PROBLEM DETAILS: Images embedded in the records are excluded; print everything else exactly as given.

DATA SHOWN:
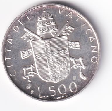 Moneta Stato Della Città del Vaticano Lire 500 PAVLVS VI PONT. MAX. AN. VIII
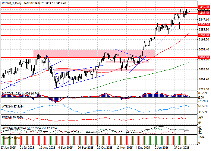 Notowania czwartkowe na Giełdzie Papierów Wartościowych w Warszawie skończyły się skromnymi zmianami najważniejszych indeksów. WIG20 wzrósł o 0,14 procent przy obrocie przekraczającym 1,43 miliarda złotych, gdy indeks szerokiego rynku WIG właściwie nie zmienił swojego położenia przy obrocie zbliżonym do 1,73 miliarda złotych. Zmienność była adekwatna do dynamiki wymian. W istocie, WIG20 spędził sesję oscylując na wąskiej półce. Do odnotowania jest fakt, iż spółka KGHM – która była ostatnio najmocniej granym walorem na rynku – ustąpiła dziś pierwszego miejsca spółce PKO BP, co sygnalizuje, iż emocje na akcjach miedziowej spółki nieco przygasły. Stabilizująco na rynek działał rynek walutowy, na którym dolar szukał wyciszenia po wczorajszym wzroście. W podażowym obozie grał rynek surowcowy, na którym metale szukały przeceny razem z ropą. Trudno dla rynku prezentowały się również giełdy bazowe. Niemiecki DAX szukał mocnej zwyżki, gdy Wall Street zdawała się konsolidować, ale w końcówce sesji warszawskiej również z tych kierunków popłynęły impulsy spadkowe. Z perspektywy technicznej WIG20 ma za sobą kolejny dzień w konsolidacji, który naprawdę koresponduje z analogicznym zachowaniem niemieckiego DAX-a i amerykańskiego S&P500 zawieszonych pod szczytami hossy i w rejonach psychologicznych barier – odpowiednio – 25000 pkt. i 7000 pkt. Odpowiedzią GPW na konsolidację DAX-a i S&P500 jest zawieszenie WIG20 w rejonie 3400 pkt. i pod szczytem hossy wyrysowanym w okolicy 3500 pkt. W takim układzie można stale zakładać, iż szeroko rozumiane rynki bazowe - od akcji przez surowce po waluty – przesądzą o bliskiej przyszłości GPW i podyktują indeksowi WIG20 kierunek wybicia z konsolidacji granej pomiędzy szczytem hossy wyrysowanym w rejonie 3475 pkt. i pierwszymi wsparciami zalegającym w rejonie 3350 pkt.
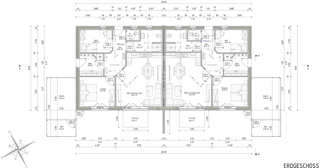 EG:Flur/Diele, Gäste WC, Duschbad mit WC, Gästezimmer, HWR, offener Wohn-/Essbereich mit Küchenanschlüssen und Zugang zur Terrasse, Abstellraum, Schlafzimmer
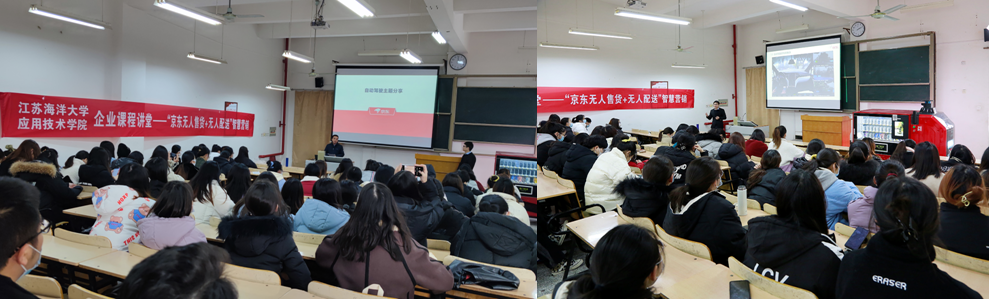 12月31日,京东无人售货车开进应用技术学院课堂,承担京东智能配送科技支持的长沙行深智能科技公司运营副总监邓菘作为企业导师为学生讲授了一堂“智慧新零售”的实景训练课程。
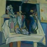 Non è questa però la sede per percorrere stilisticamente una così ampia ricerca, un percorso mutatosi nel tempo. Piace ricordare l’immane impatto dei colori e della scomposizione del grande Burcier del 1953 spintosi al limite sintetico delle poetiche neocubiste e realistiche, simbolo di un interesse concreto dell’autore verso il mondo dell’uomo, del lavoro, della manualità. Questo breve omaggio presenta inoltre un percorso cronologico costruito sul tema delle nature morte che giungono sino agli ultimi anni, alcune delle quali presentano, in cromie accese, la sintesi di un fiore, il suo “ canto alto ”, ad un passo dal disperdersi come oggetto vegetale ed al divenire una apparizione dolorosa, un segno della memoria. Uno sguardo agli oggetti che li supera, investendoli di una forza costruita tutta dalla pittura, il vero campo infinito della ricerca, del sentimento espressivo. Uno sguardo che abbiamo voluto omaggiare seppur procedendo per emblemi in questo primo momento di nuova conoscenza dell’ autore che, non poteva non avvenire in presenza delle opere, della sua vita artistica e dell’ evocazione presente della sua figura, tracciata in magistrali autoritratti, accesi da uno sguardo carico di pensiero e di meditazione dedicata alle possibilità d’esprimere un mondo ed un universo di passioni attraverso la pittura.
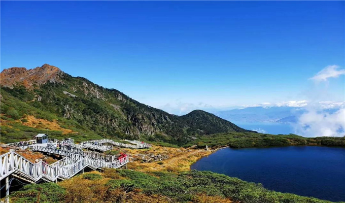 只有洗馬潭附近還盛放著零星的野花,天朗氣清,秋日爽朗就是這幅景象,沒有云霧遮擋的洱海就這么直接出現(xiàn)在眼前,湛藍的洱海與藍天互相輝映,秋意就這么在山巔流轉(zhuǎn),明媚的秋天,山峰都披著絢麗的色彩。
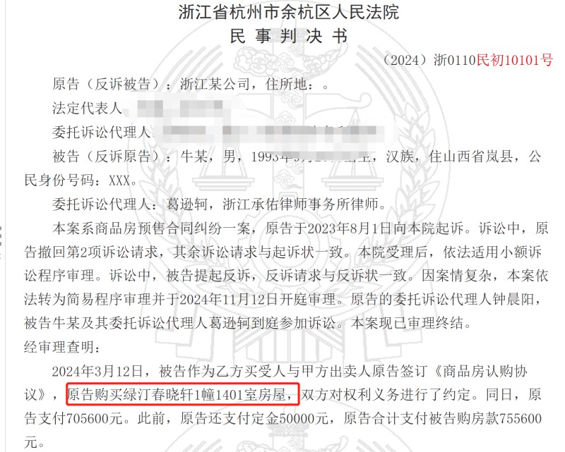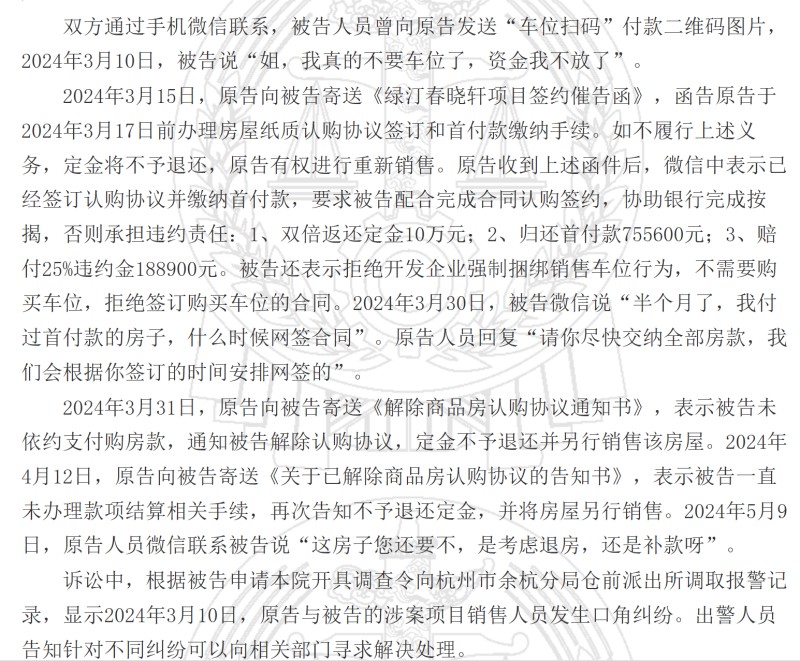 绿汀春晓的这套退房背后的故事还挺精彩,简而言之就是,业主不想绑车位打官司输了

WRITTEN RESPONSE:
 Moneta Stato Della Città del Vaticano Lire 500 PAVLVS VI PONT. MAX. AN. VIII
 Notowania czwartkowe na Giełdzie Papierów Wartościowych w Warszawie skończyły się skromnymi zmianami najważniejszych indeksów. WIG20 wzrósł o 0,14 procent przy obrocie przekraczającym 1,43 miliarda złotych, gdy indeks szerokiego rynku WIG właściwie nie zmienił swojego położenia przy obrocie zbliżonym do 1,73 miliarda złotych. Zmienność była adekwatna do dynamiki wymian. W istocie, WIG20 spędził sesję oscylując na wąskiej półce. Do odnotowania jest fakt, iż spółka KGHM – która była ostatnio najmocniej granym walorem na rynku – ustąpiła dziś pierwszego miejsca spółce PKO BP, co sygnalizuje, iż emocje na akcjach miedziowej spółki nieco przygasły. Stabilizująco na rynek działał rynek walutowy, na którym dolar szukał wyciszenia po wczorajszym wzroście. W podażowym obozie grał rynek surowcowy, na którym metale szukały przeceny razem z ropą. Trudno dla rynku prezentowały się również giełdy bazowe. Niemiecki DAX szukał mocnej zwyżki, gdy Wall Street zdawała się konsolidować, ale w końcówce sesji warszawskiej również z tych kierunków popłynęły impulsy spadkowe. Z perspektywy technicznej WIG20 ma za sobą kolejny dzień w konsolidacji, który naprawdę koresponduje z analogicznym zachowaniem niemieckiego DAX-a i amerykańskiego S&P500 zawieszonych pod szczytami hossy i w rejonach psychologicznych barier – odpowiednio – 25000 pkt. i 7000 pkt. Odpowiedzią GPW na konsolidację DAX-a i S&P500 jest zawieszenie WIG20 w rejonie 3400 pkt. i pod szczytem hossy wyrysowanym w okolicy 3500 pkt. W takim układzie można stale zakładać, iż szeroko rozumiane rynki bazowe - od akcji przez surowce po waluty – przesądzą o bliskiej przyszłości GPW i podyktują indeksowi WIG20 kierunek wybicia z konsolidacji granej pomiędzy szczytem hossy wyrysowanym w rejonie 3475 pkt. i pierwszymi wsparciami zalegającym w rejonie 3350 pkt.
 EG:Flur/Diele, Gäste WC, Duschbad mit WC, Gästezimmer, HWR, offener Wohn-/Essbereich mit Küchenanschlüssen und Zugang zur Terrasse, Abstellraum, Schlafzimmer
 12月31日,京东无人售货车开进应用技术学院课堂,承担京东智能配送科技支持的长沙行深智能科技公司运营副总监邓菘作为企业导师为学生讲授了一堂“智慧新零售”的实景训练课程。
 Non è questa però la sede per percorrere stilisticamente una così ampia ricerca, un percorso mutatosi nel tempo. Piace ricordare l’immane impatto dei colori e della scomposizione del grande Burcier del 1953 spintosi al limite sintetico delle poetiche neocubiste e realistiche, simbolo di un interesse concreto dell’autore verso il mondo dell’uomo, del lavoro, della manualità. Questo breve omaggio presenta inoltre un percorso cronologico costruito sul tema delle nature morte che giungono sino agli ultimi anni, alcune delle quali presentano, in cromie accese, la sintesi di un fiore, il suo “ canto alto ”, ad un passo dal disperdersi come oggetto vegetale ed al divenire una apparizione dolorosa, un segno della memoria. Uno sguardo agli oggetti che li supera, investendoli di una forza costruita tutta dalla pittura, il vero campo infinito della ricerca, del sentimento espressivo. Uno sguardo che abbiamo voluto omaggiare seppur procedendo per emblemi in questo primo momento di nuova conoscenza dell’ autore che, non poteva non avvenire in presenza delle opere, della sua vita artistica e dell’ evocazione presente della sua figura, tracciata in magistrali autoritratti, accesi da uno sguardo carico di pensiero e di meditazione dedicata alle possibilità d’esprimere un mondo ed un universo di passioni attraverso la pittura.
 只有洗馬潭附近還盛放著零星的野花,天朗氣清,秋日爽朗就是這幅景象,沒有云霧遮擋的洱海就這么直接出現(xiàn)在眼前,湛藍的洱海與藍天互相輝映,秋意就這么在山巔流轉(zhuǎn),明媚的秋天,山峰都披著絢麗的色彩。
 绿汀春晓的这套退房背后的故事还挺精彩,简而言之就是,业主不想绑车位打官司输了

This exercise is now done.